• [Required work]: Write out again, unchanged, the line that has "L-I Test Curve" and each following line through the end of the entries below; leave pictures out.

Stored data Start Marker

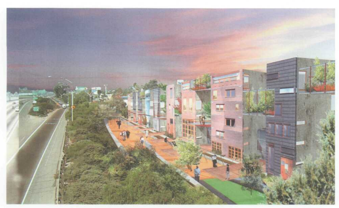
Type "E": Neighborhood Balconies

Set against the freeway, this part of the project extends the small rows of housing alleys creating balconies that hover above a proposed linear park. At this edge, the housing units cascade down "wrapping" two levels of parking below and alternating a rhythm of green balconies against the freeway.
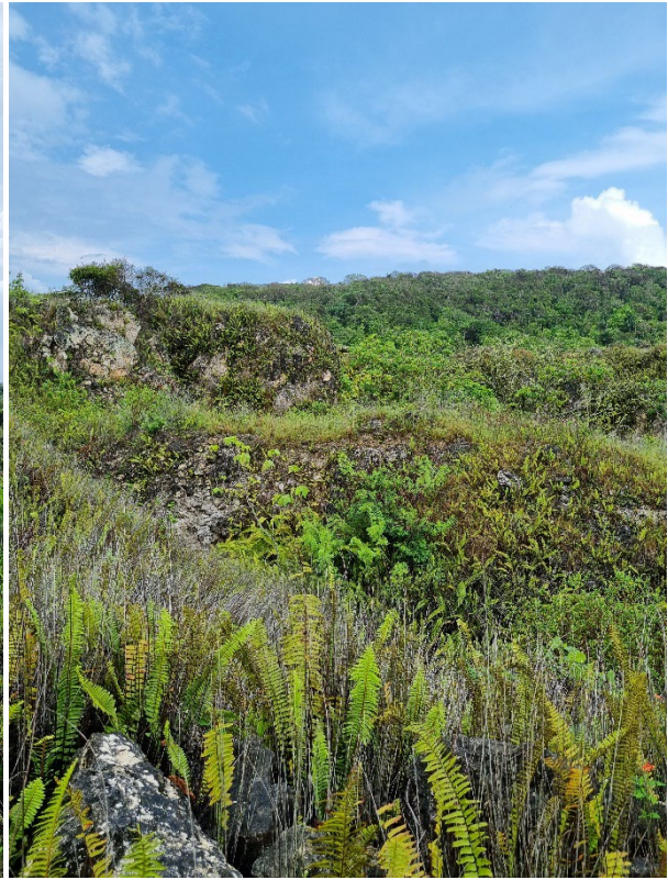
Waypoint 1795 - 6
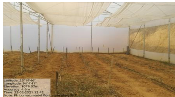
Floriculture Centre of P.H Kiihne Dumai at Senapati lying idle
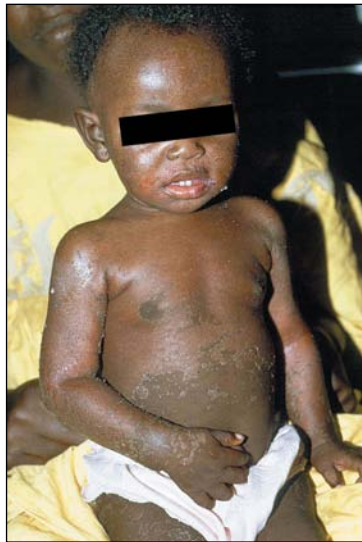
An African child with severe measles on day 10 of the disease.

By 2008, the WHO and partners were struggling with polio eradication, which had missed its 2000 global target. On scientific and public health grounds, the feasibility, desirability, and timing of measles eradication should not be dependent on the ongoing polio-eradication effort. In practice, however, the two efforts are inextricably linked. Because the same donors that fund polio-eradication programs will be called on to support measles eradication, the shifting of resources could jeopardize polio-eradication efforts. Some argue that if polio eradication is really feasible, it should be completed before measles-eradication efforts are launched; yet by 2008, continuing polio transmission in India, Nigeria, Pakistan, and other countries where the virus was endemic was leading to growing
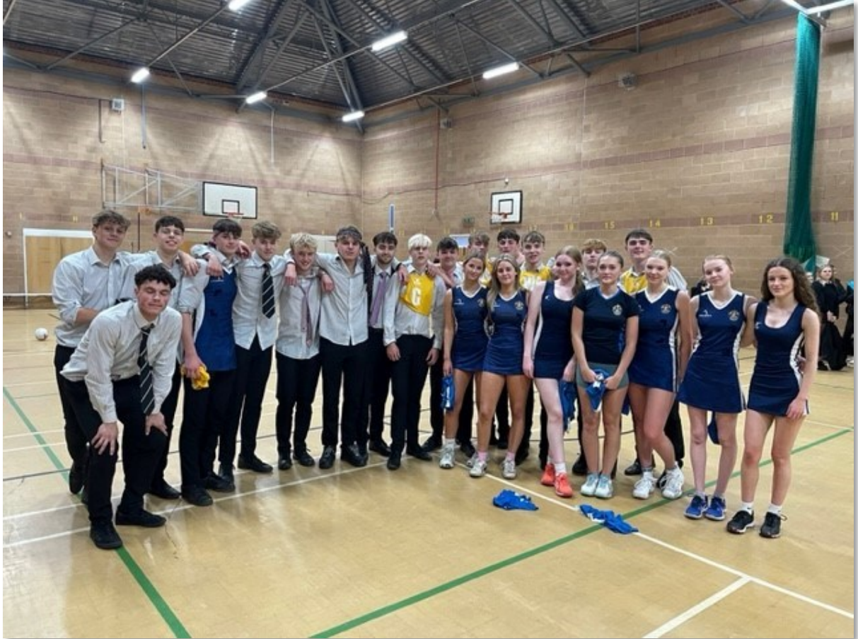
Wear it Pink charity netball match. The girls won!

So far this half term, Sixth Formers have raised:
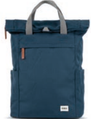
PACIFIC SMALL RECYCLED CANVAS
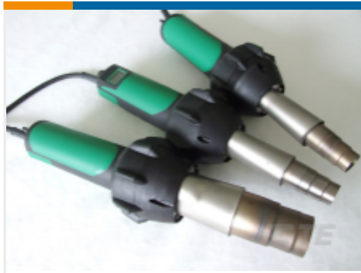
TE Part # EG1118-000 CV1981-ST-120V1600W-US
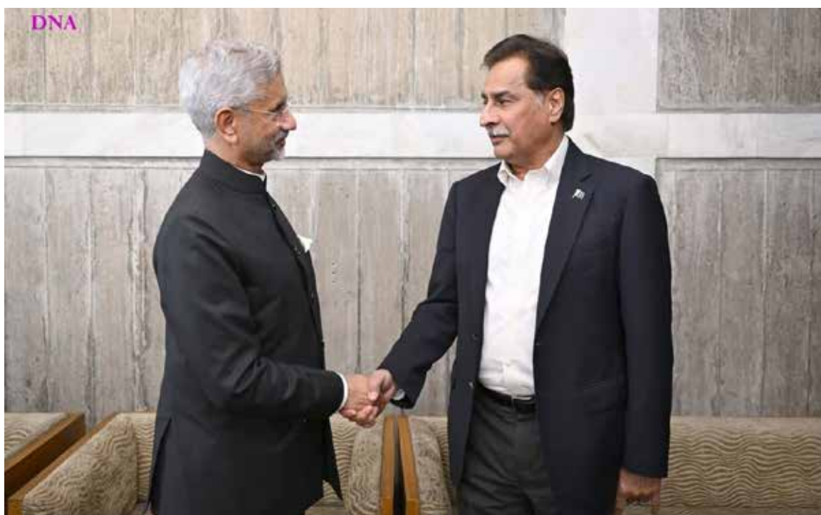
DKAHAK: National Assembly Speaker Ayaz Sadiq and Indian External Affairs Minister Subrahmanyam Jaishankar held a meeting in Dhaka.
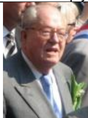
Jean-Marie Le Pen
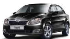
Deep Black Pearl
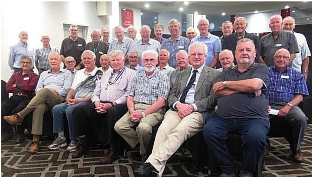
A group of distinguished handsome gentlemen at the March Annual General Meeting

The Next General Meeting of Newcastle Probus Club will be held on 28 th May 2024 at Souths Merewether
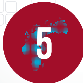
Total number of grants in EMEA
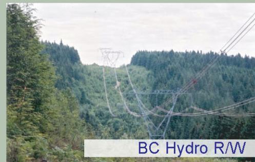
BC Hydro R/W
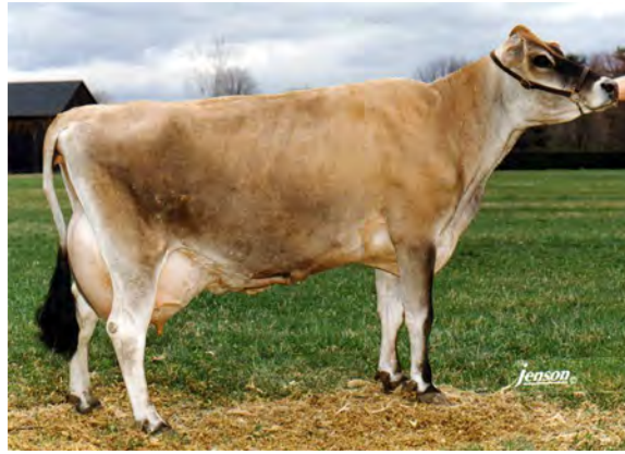
PASSIONS HALFPINT PATIENCE-ET. E-92% FOURTH DAM OF LOT 249
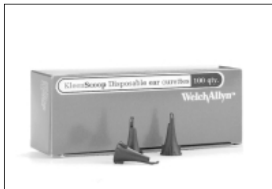
Disposable Cerumen Removal Specula
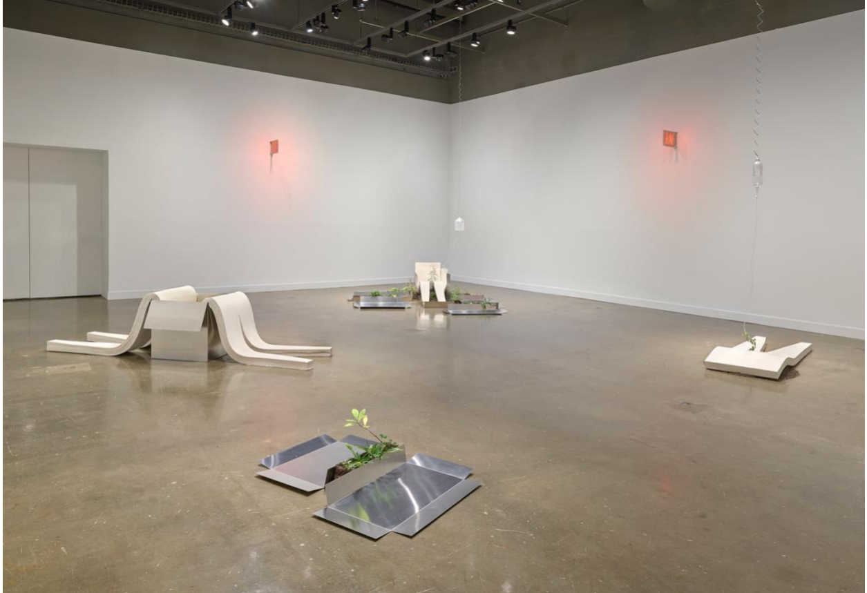
Installation view: Sreshta Rit Premnath: Grave/Grove at MIT List Visual Arts Center, Cambridge 2021.

Alt text: A gallery at the MIT List Visual Arts Center features sculptures consisting of white plaster slumps, aluminum sheets, weeds, and red glowing signs on the walls.
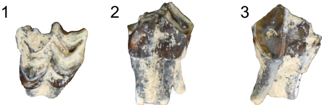
Figure 5. Dromomerycidae gen. indet. sp. indet. from McKay Reservoir, left M1 or M2 (SDSM 38459): (1) occlusal view; (2) medial view; (3) lateral view. Scale bar = 1 cm.
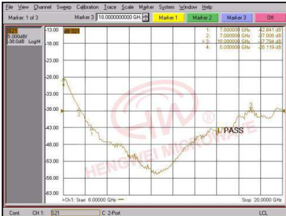
L-I Test Curve
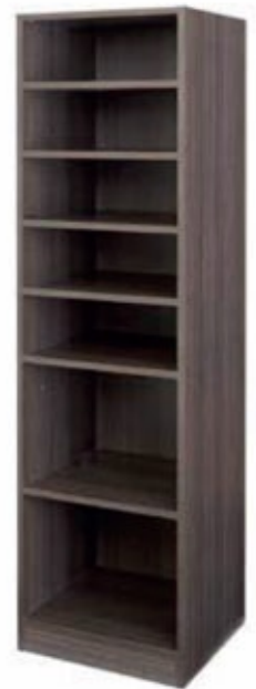
Open Shelf / Shoe Rack

H: 2000mm (walk-in) 1750mm (built-in) W: 500 or 700mm D: 450mm
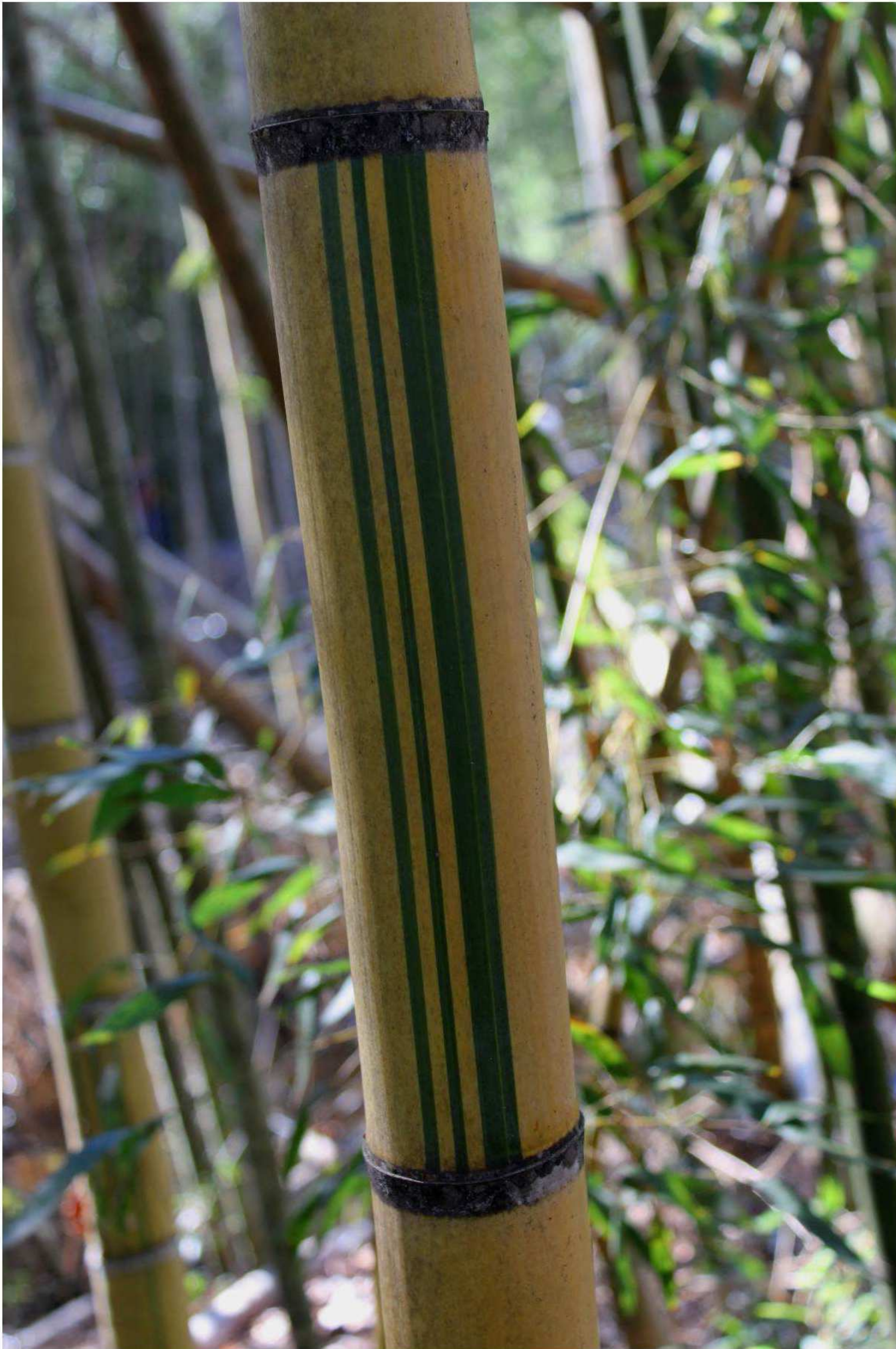
Figure 10. Phyllostachys sulphurea var. viridis (Poaceae).
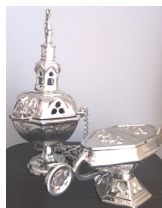
Thurible and Boat $445 AUD
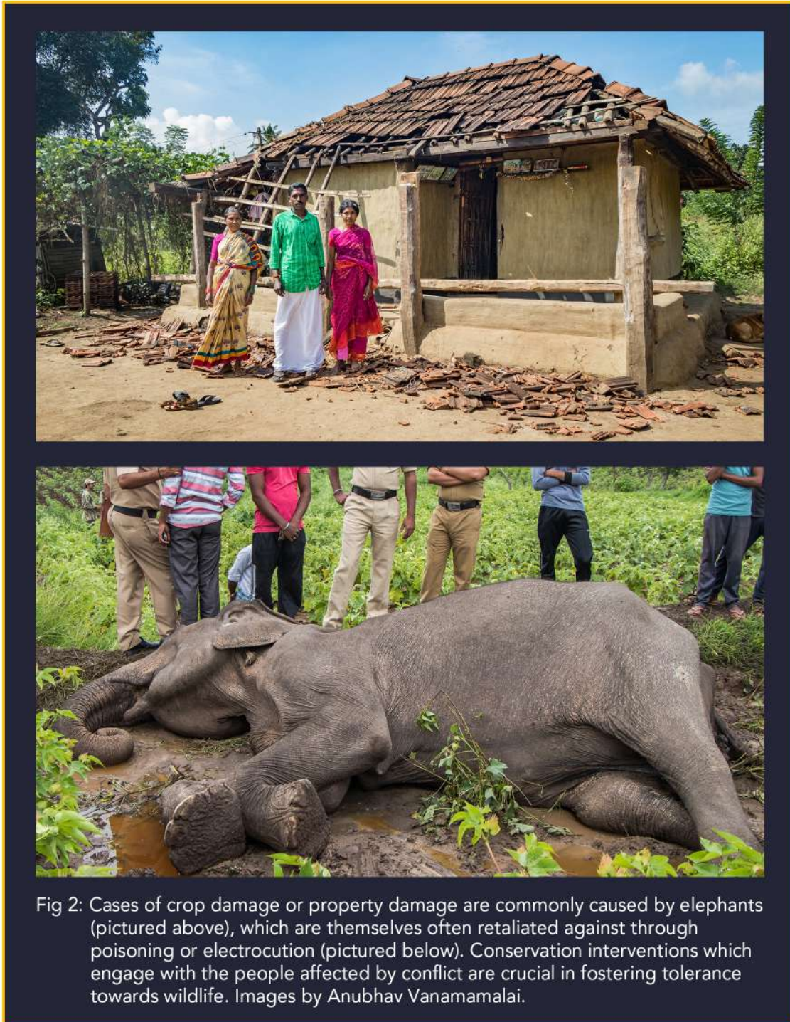
Fig 2: Cases of crop damage or property damage are commonly caused by elephants (pictured above), which are themselves often retaliated against through poisoning or electrocution (pictured below). Conservation interventions which engage with the people affected by conflict are crucial in fostering tolerance towards wildlife.

Stored data End Marker

• [Exercise response]:
L-I Test Curve
Open Shelf / Shoe Rack

H: 2000mm (walk-in) 1750mm (built-in) W: 500 or 700mm D: 450mm
Figure 10. Phyllostachys sulphurea var. viridis (Poaceae).
Thurible and Boat $445 AUD
Fig 2: Cases of crop damage or property damage are commonly caused by elephants (pictured above), which are themselves often retaliated against through poisoning or electrocution (pictured below). Conservation interventions which engage with the people affected by conflict are crucial in fostering tolerance towards wildlife.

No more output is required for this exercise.